**WHAT YOU HAVE TO DO**
Only the lines from the one holding "从表4给出的结果看,北京市老" through the end of the records below are to be reproduced exactly, and pictures are to be omitted.

[Dataset items]
*** Block opens ***
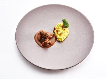 3Morcheln abgießen, den Fond auffangen. Morcheln klein schneiden und zum Ragout geben. Fond durch ein Tuch in die Sauce geben. Sahne einrühren und mit Nestlé Professional Profi Binder weitere vier Minuten kochen.
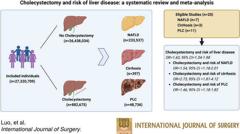 Results: We identified 20 studies with a total of 27 320 709 individuals and 282 670 liver disease cases. Cholecystectomy was associated with an increased risk of liver disease (OR: 1.63, 95% CI: 1.34-1.98). In particular, cholecystectomy was found to be significantly associated with a 54% increased risk of nonalcoholic fatty liver disease (OR: 1.54, 95% CI: 1.18-2.01), a 173% increased risk of cirrhosis (OR: 2.73, 95% CI: 1.81-4.12), and a 46% increased risk of primary liver cancer (OR: 1.46, 95% CI: 1.18-1.82).
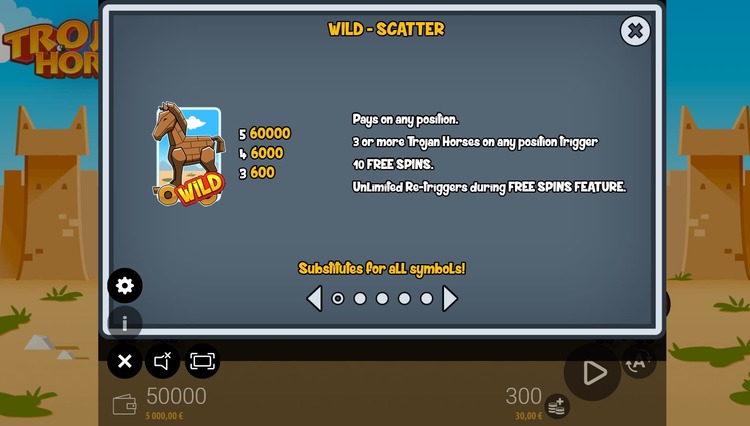 | Троянский конь (Wild/Scatter) | - | 600 | 6 000 | 60 000 |
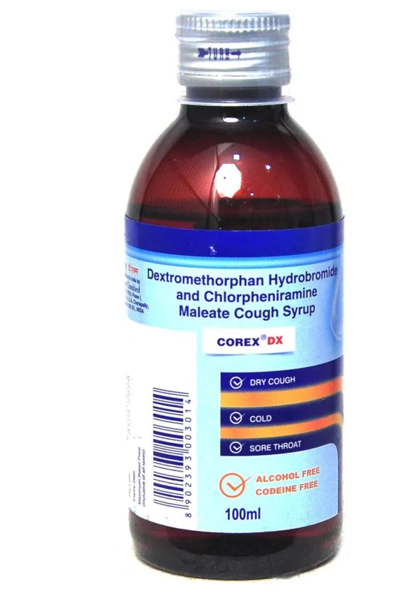 Corex DX Syrup is a combination medicine which belongs to the class of expectorants. It is used in the treatment of dry cough. This medicine works by preventing nerve signals from the brain's cough centre from reaching the muscles that cause coughing and thus reduce cough. You may experience common side effects like headache, dizziness, numbness, drowsiness, or nausea.
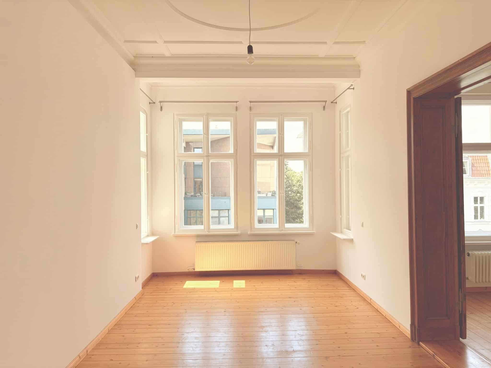 Die frisch renovierte 3 Zimmer Wohnung mit großem, praktischen Eingangsflur befindet sich im 3. Obergeschoss eines Jugendstilgebäudes aus dem Jahr 1903. Die Wohnung verfügt über eine Wohnfläche von ca. 98 m². Die Raumhöhe beträgt über 3 m. Die Ausstattungsmerkmale einer klassischen Jugendstilwohnung aus der Zeit der Jahrhundertwende sind vorhanden: Dielen Fussboden, Doppel-Kastenfenster, Stuck und stilvolle Holztüren in den Räumen. Die Wohnung ist sehr gepflegt und mit hochwertigen, modernen Geräten ausgestattet. Alle Wände sind gespachtelt. Die gesamte Wohnung wird über eine Gas-Etagenheizung beheizt. Zwei Zimmer sind mit einer großen Flügeltür miteinander verbunden. Ein charmanter Balkon, der Platz für zwei Personen bietet, erstreckt sich vor einem der Zimmer und lädt an lauen Sommerabenden zum entspannten Verweilen ein. In der Küche ist genügend Platz für einen Esstisch, neben den modernen Einbauschränken, Induktionsherd mit Backofen, Gasherd, Mikrowelle. Das moderne Bad mit großem Fenster ist mit einer Badewanne, Dusche, WC und einem großen Waschtisch mit Spiegel ausgestattet und entspricht allen Ansprüchen des modernen Wohnens.
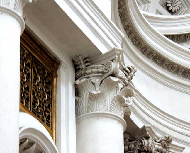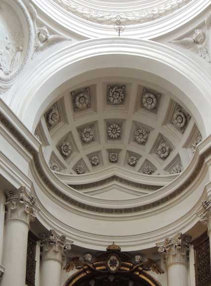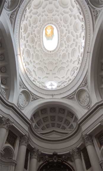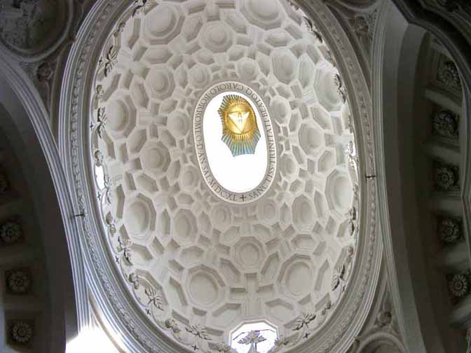 the transition zone of the pendentives and the oval coffered dome with its oval lantern." - Wikipedia (online May 2013) Dome ![]() Deeply coffered, oval dome that seems to float. Note dome center lantern. There are no windows at the floor level. ![]() Octagons, crosses and hexagons. The lantern features the symbol of the Holy Trinity. |
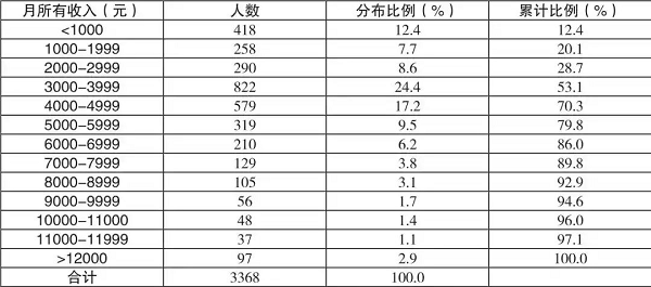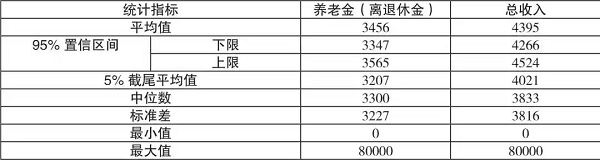 从表4给出的结果看,北京市老年人月平均养老金收入为3456元。因为养老金分布的不均匀,用平均数进行测量会有一定的偏差,而用中位数则更为合适。北京市老年人月收入中位数为3300元。由于养老金最小值为0,最大值为8万元,从而导致平均收入会受到极端值的影响,失去一般意义,所以使用截去两端5%的值后再计算平均数会更有意义。由此得到5%截尾平均养老金为3207元。用同样的办法我们也可以计算老年人月总收入。得到的结果是总收入的月平均值为4395元,中位数值为3833元,5%截尾平均值为4021元。
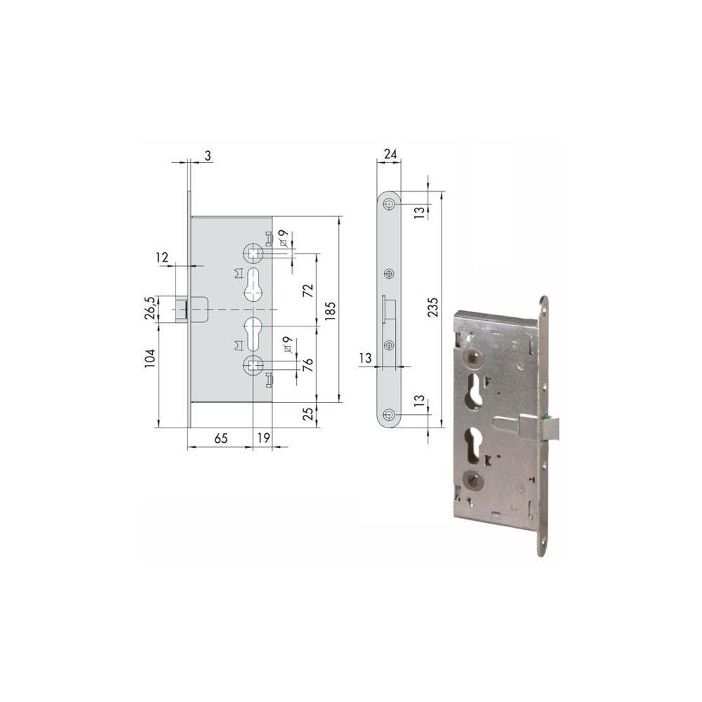 Serratura porte tagliafuoco infilare Zincata - Scrocco Q9 Funzionamento esterno scrocco azionato da chiave o da maniglia se abilitatada chiave Predisposizione chiusure supplementari Scatola 84x185 Frontale mm 24x235 - Entrata mm 65 Cilindro non incluso Abbinabile maniglioni antipanico Cisa 59600/59711
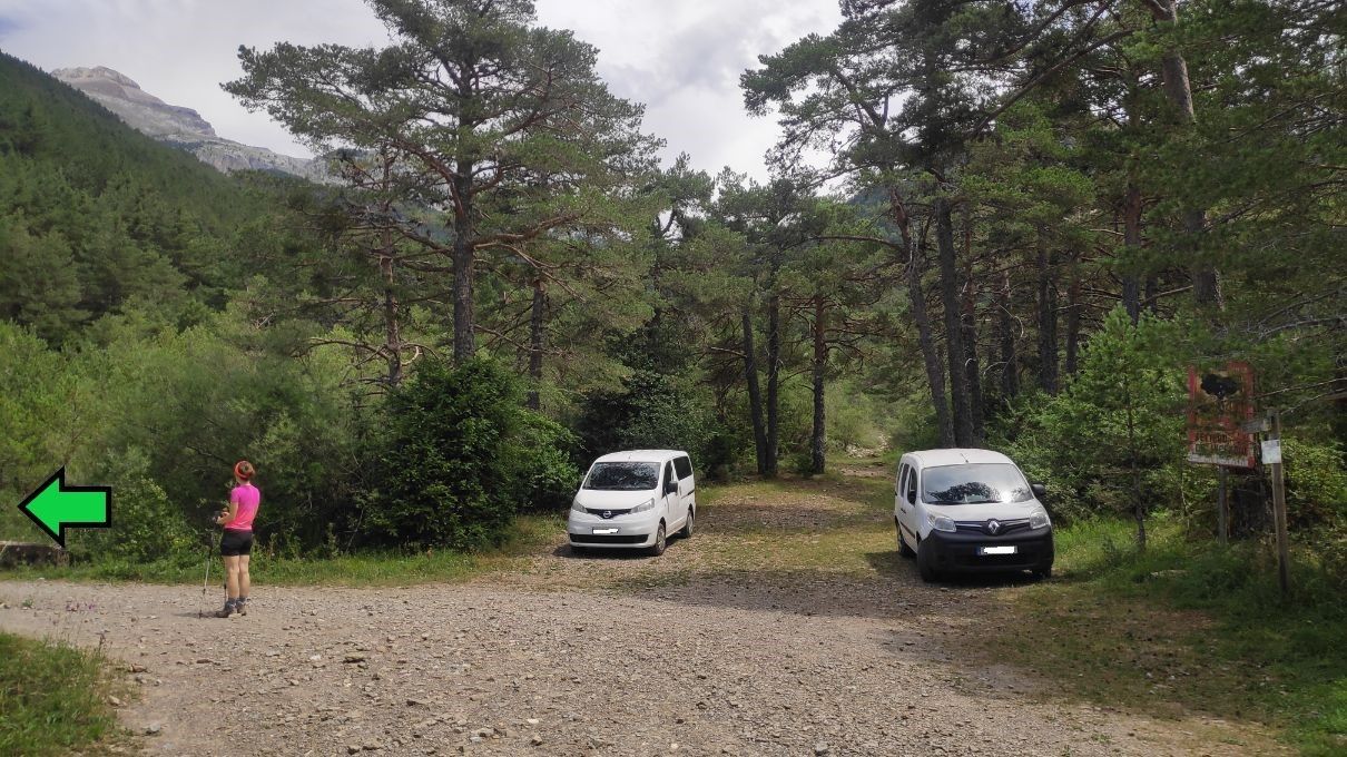 Inicio y fin de la ruta: aparcamiento cerca de la Cueva de las Güixas, ya en las afueras de Villanúa.
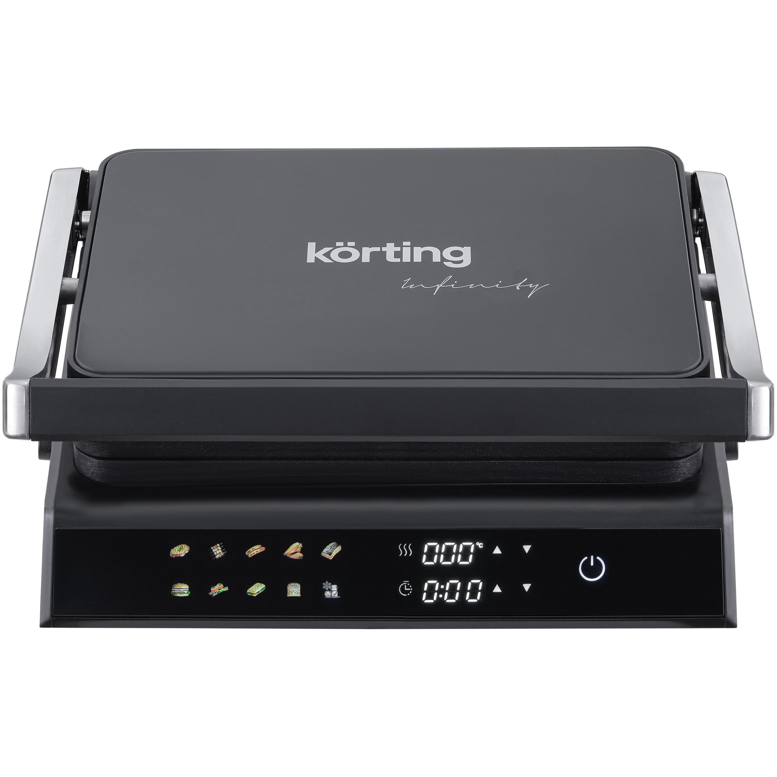 Гриль KORTING/ Гриль KORTING, мощность 2000 Вт, сенсорное управление, цветной дисплей, 10 автоматических программ, раздельная регулировка температуры верхней и нижней панелей, температура от 90 до 230 градусов, таймер, цвет черный
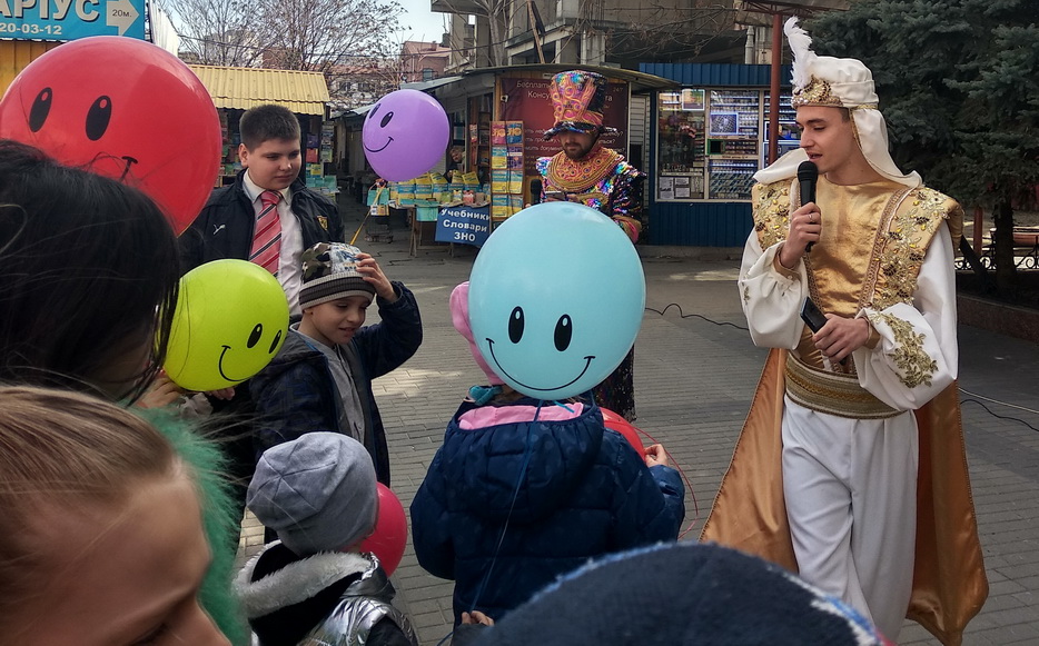 После спектакля, когда дети гурьбой высыпали на площадь Театрального проезда, волонтеры программы JBBBS вручили каждому улыбающийся шарик, и зазвучала веселая музыка, а когда дети подошли ее послушать появились герои пуримской истории и начались конкурсы, викторины, танцы и настоящее пуримское веселье. «Я очень рада, что и младшие и старшие так активно включились в этот перфоманс и получили от него большое удовольствие, — рассказала нашему сайту руководитель программы Татьяна Каплунская, — Пурим – праздник карнавала, праздник преображения, раскрытие внутренней сути, и мы постарались передать этот главный посыл Пурима в игровой и веселой форме».
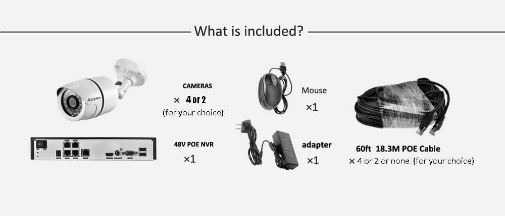 4 (또는 2 ) x 2.0 1080P POE 메가픽셀 카메라 (선택)
*** Block closes ***
**WRITTEN RESPONSE**
 从表4给出的结果看,北京市老年人月平均养老金收入为3456元。因为养老金分布的不均匀,用平均数进行测量会有一定的偏差,而用中位数则更为合适。北京市老年人月收入中位数为3300元。由于养老金最小值为0,最大值为8万元,从而导致平均收入会受到极端值的影响,失去一般意义,所以使用截去两端5%的值后再计算平均数会更有意义。由此得到5%截尾平均养老金为3207元。用同样的办法我们也可以计算老年人月总收入。得到的结果是总收入的月平均值为4395元,中位数值为3833元,5%截尾平均值为4021元。
 Serratura porte tagliafuoco infilare Zincata - Scrocco Q9 Funzionamento esterno scrocco azionato da chiave o da maniglia se abilitatada chiave Predisposizione chiusure supplementari Scatola 84x185 Frontale mm 24x235 - Entrata mm 65 Cilindro non incluso Abbinabile maniglioni antipanico Cisa 59600/59711
 Inicio y fin de la ruta: aparcamiento cerca de la Cueva de las Güixas, ya en las afueras de Villanúa.
 Гриль KORTING/ Гриль KORTING, мощность 2000 Вт, сенсорное управление, цветной дисплей, 10 автоматических программ, раздельная регулировка температуры верхней и нижней панелей, температура от 90 до 230 градусов, таймер, цвет черный
 После спектакля, когда дети гурьбой высыпали на площадь Театрального проезда, волонтеры программы JBBBS вручили каждому улыбающийся шарик, и зазвучала веселая музыка, а когда дети подошли ее послушать появились герои пуримской истории и начались конкурсы, викторины, танцы и настоящее пуримское веселье. «Я очень рада, что и младшие и старшие так активно включились в этот перфоманс и получили от него большое удовольствие, — рассказала нашему сайту руководитель программы Татьяна Каплунская, — Пурим – праздник карнавала, праздник преображения, раскрытие внутренней сути, и мы постарались передать этот главный посыл Пурима в игровой и веселой форме».
 4 (또는 2 ) x 2.0 1080P POE 메가픽셀 카메라 (선택)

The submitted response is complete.